A Lesson to Be earned is the debut album by the RBL Posse. It was released on September 16, 1992, for In-a-Minute Records and was produced by Black C, DJ Switch and TC. A Lesson to Be Learned gained mild success, peaking at #60 on the Top R&B/Hip-Hop Albums and producing the hit single, "Don t Give Me No Bammer", which peaked at #16 on the Hot Rap Singles.

Track listing
"Intro"- 2:19  
"I Ain't No Joke"- 4:00  
"More Like an Orgy"- 3:57  
"Don't Give Me No Bammer Weed"- 5:29  
"Bitches on the Ding Dong"- 4:23  
"A Lesson to Be Learned"- 4:04  
"G's by the 1, 2, 3's"- 5:56 (Featuring Totally Insane) 
"Remind Me"- 5:52  
"Sorta Like a Psycho"- 4:23  
"A Part of a Survival"- 4:58  
"Outro"- 2:39

Samples:

"I Ain't No Joke" samples "Soft & Wet" by Prince, "I Ain't No Joke" by Eric B. & Rakim, & "Bring It Here" by Wild Sugar.
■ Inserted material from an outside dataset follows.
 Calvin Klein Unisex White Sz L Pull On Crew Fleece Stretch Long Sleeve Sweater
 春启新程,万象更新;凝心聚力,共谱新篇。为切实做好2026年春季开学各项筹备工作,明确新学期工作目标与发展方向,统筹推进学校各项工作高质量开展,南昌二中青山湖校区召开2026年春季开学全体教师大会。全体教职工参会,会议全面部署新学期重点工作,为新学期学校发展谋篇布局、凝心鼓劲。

"More Like an Orgy" samples "The Big Bang Theory" by Parliament, "The Humpty Dance" by Digital Underground & "Gangsta Gangsta" by N.W.A.

"Don't Give Me No Bammer Weed" samples "Intro Theme" by Marvin Gaye.
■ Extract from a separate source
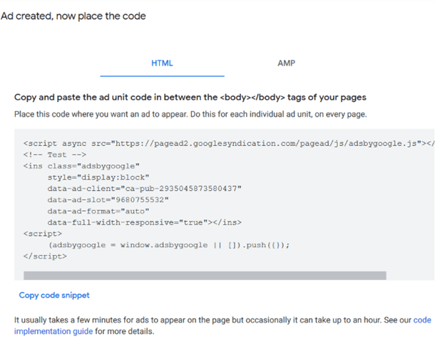 - Give your ad unit a name and click Create. AdSense will give you JavaScript code to insert on your web page where you want the ad to show.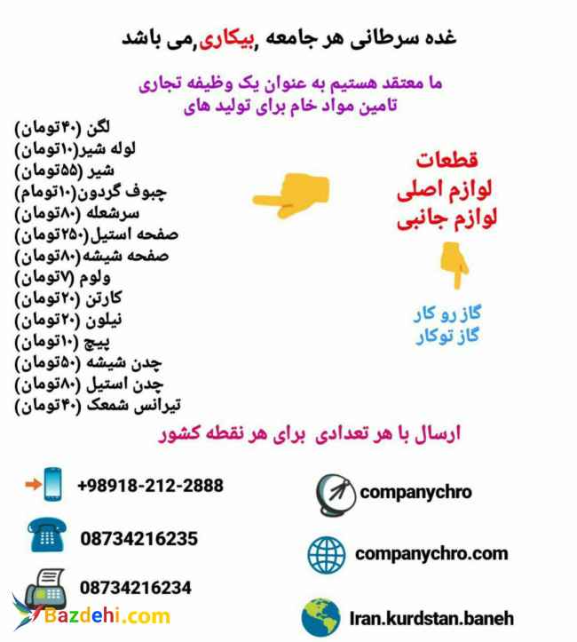 شرکت بازرگانی تجاری چرو با بیش از 80 هزار محصول وارد کننده و تامین کننده ارسال برای تمام نقاط کشور دارای نماد اعتماد الکترونیک دارای بیش از 522 نمایندگی خدمات در سراسر کشور عرضه بی واسطه تمام محصولات با کمترین قیمت و بهترین کیفیت خدمات،گارانتی،تامین قطعات،پشتیبانی کالا در کل کشور بر عهده شرکت جهت مشاوره و دریافت لیست کامل کانال ها پیام دهید @mikailxalidi @mikailkurdish جهت مشاهده محصولات میتوانید از ربات بازرگانی چرو دیدن فرمایید @companychro2010_bot همچنین جهت اطلاع از تمام خدمات و اخبار شرکت بازرگانی چرو میتوانید عضو کمپین بازرگانی چرو شوید @companychro2030 #شركت_بازرگانی_تجاری_چرو #بازرگانی_چرو #چرو #chro #companychro

"Bitches On The Ding Dong" samples "Cholly (Funk Getting Ready To Roll!) by Funkadelic & "Get Off My Dick & Tell Yo Bitch To Come Here [Remix]" by Ice Cube.
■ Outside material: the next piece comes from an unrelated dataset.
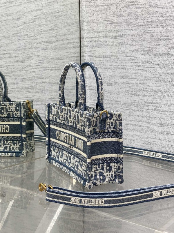【DIOR】Book Tote Mini 藍色 Oblique 手提包|經典刺繡帆布 × 精緻迷你版 × 附背帶可斜背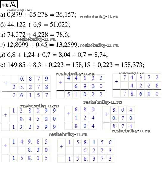 Готовая домашняя работа с ответами по Математике за 5 класс Виленкин, Жохов, Чесноков, Александрова, Шварцбурд Учебник Часть 2 Просвещение 2021 - Глава 6. Десятичные дроби 6.74

"A Lesson To Be Learned" samples "Rapper's Delight" by Sugar Hill Gang & "Good Times" by Chic.

"G's by the 1, 2, 3's" samples "Fly Like an Eagle" by Steve Miller Band & "It's Funky Enough" by The D.O.C.

"Remind Me" samples "Remind Me" by Patrice Rushen.

"Sorta Like a Psycho" samples "Fire" by The Ohio Players.

"A Part of a Survival" samples "Get It Up" by The Time & "Funkentelechy" by Parliament.

"Outro" samples "Groove With You" by The Isley Brothers.